The Four Winds
Page 45
Children who, like Elsa, would be shaped by heartache.
* * *
BY THE TIME ELSA got back to the farm, she felt as if she were a machine slowly breaking down. Her family was in the house, bustling about. Rose and Loreda were in the kitchen, making pasta, and Ant and Tony were in the sitting room, rubbing oil into the straps of a leather harness.
The children’s lives would never be the same after today. Their opinions of everything would change, but especially their opinions of themselves, of the durability of love and the truth of their family. They would know forever that their father hadn’t loved their mother—or them—enough to stay with them through hard times.
What did a good mother do in this circumstance? Did she tell the harsh, ugly truth?
Or was a lie better?
If Elsa lied to protect her children from Rafe’s selfishness and to protect Rafe from their resentment, it might be a long while before the truth came out, if it ever did.
Elsa walked past Tony and Ant in the sitting room and went into the kitchen, where her daughter was working the pasta dough on the flour-dusted table.
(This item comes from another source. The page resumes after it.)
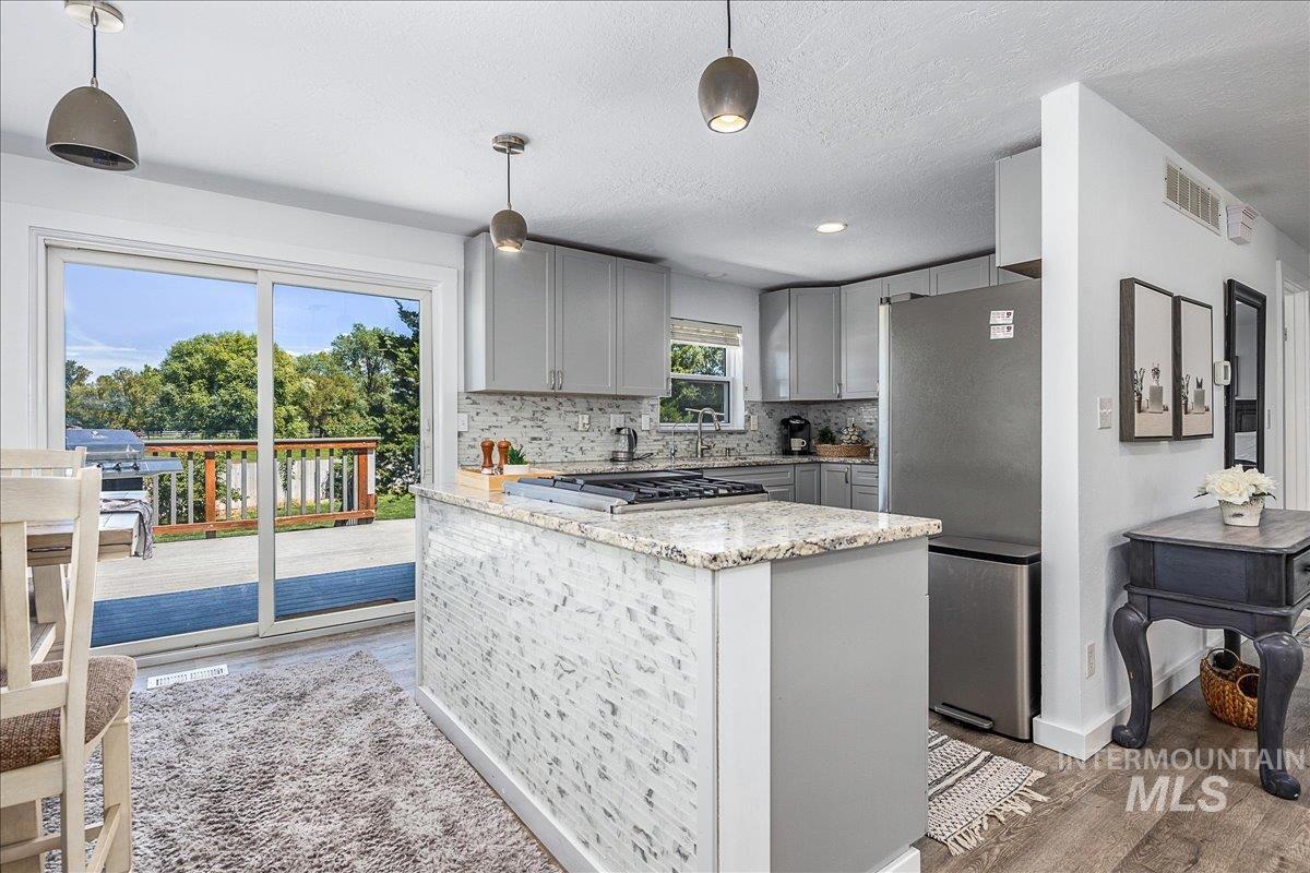 Experience the rare combination of space, freedom, and location with this beautifully renovated South Boise property set on nearly 2 acres of fully fenced land with no HOA. Opportunities like this are becoming increasingly difficult to find, offering the peace and privacy of country living while remaining just minutes from downtown Boise, the airport, and everyday conveniences like Costco. The property invites a true Idaho lifestyle with mature fruit trees including cherry, peach, apricot, and pear, a large chicken coop, and plenty of room for animals, gardens, or future projects. Inside, the home has been thoughtfully remodeled with fresh finishes, an open concept kitchen featuring granite countertops and gas stainless appliances, and bright living spaces filled with natural light from beautiful bay windows. The spacious layout includes two inviting living areas, a cozy fireplace, and a primary suite with a large walk in closet. Outside you will find a back deck perfect for entertaining, an underground barbecue area, fire pit, hay shop, and numerous functional upgrades including a new well pump, 220V in the garage, and a nine zone sprinkler system. Properties that offer this level of acreage, privacy, and proximity to the city are exceptionally rare. This is the Idaho lifestyle so many people move here to find.

Elsa squeezed her daughter’s thin shoulder. It was all she could do not to pull her into her arms for a fierce hug, but frankly, Elsa couldn’t handle another rejection right now.
Loreda pulled away. “Where’s Daddy?”
“Yeah,” Ant said from the sitting room, “where is he? I wanna show him the arrowhead Grandpa and I found.”
Rose was at the stove, adding salt to a pot filled with water. She looked at Elsa and turned off the burner.
“Have you been crying?” Loreda asked.
“It’s just watery eyes from all the dust,” Elsa said, forcing a tight smile. “Can you kids go look for potatoes? I need to talk to Grandma and Grandpa.”
“Now?” Loreda whined. “I hate doing that.”
“Now,” Elsa said. “Take your brother.”
“Come on, Ant,” Loreda said, pushing the dough away from her, “let’s go root through the dirt like pigs.”
Ant giggled. “I like bein’ a pig.”
“You would.”
The kids shuffled out of the house and banged the door shut behind them.
Rose stared at Elsa. ?
?You’re scaring me.”
Elsa headed into the sitting room, went straight to Tony’s bottle of rye, and poured herself a drink.
It tasted awful enough that she poured a second one and drank that, too.
“Madonna mia,” Rose said quietly. “I have never seen you take one drink in all these years, and now you take two.”
Rose came up behind Elsa, put a hand on her shoulder.
“Elsa,” Tony said, putting the harness aside and standing up. “What is it?”
“It’s Rafe.”
“Rafe?” Rose frowned.
“He left,” Elsa said.
“Rafe left?” Tony said. “To go where?”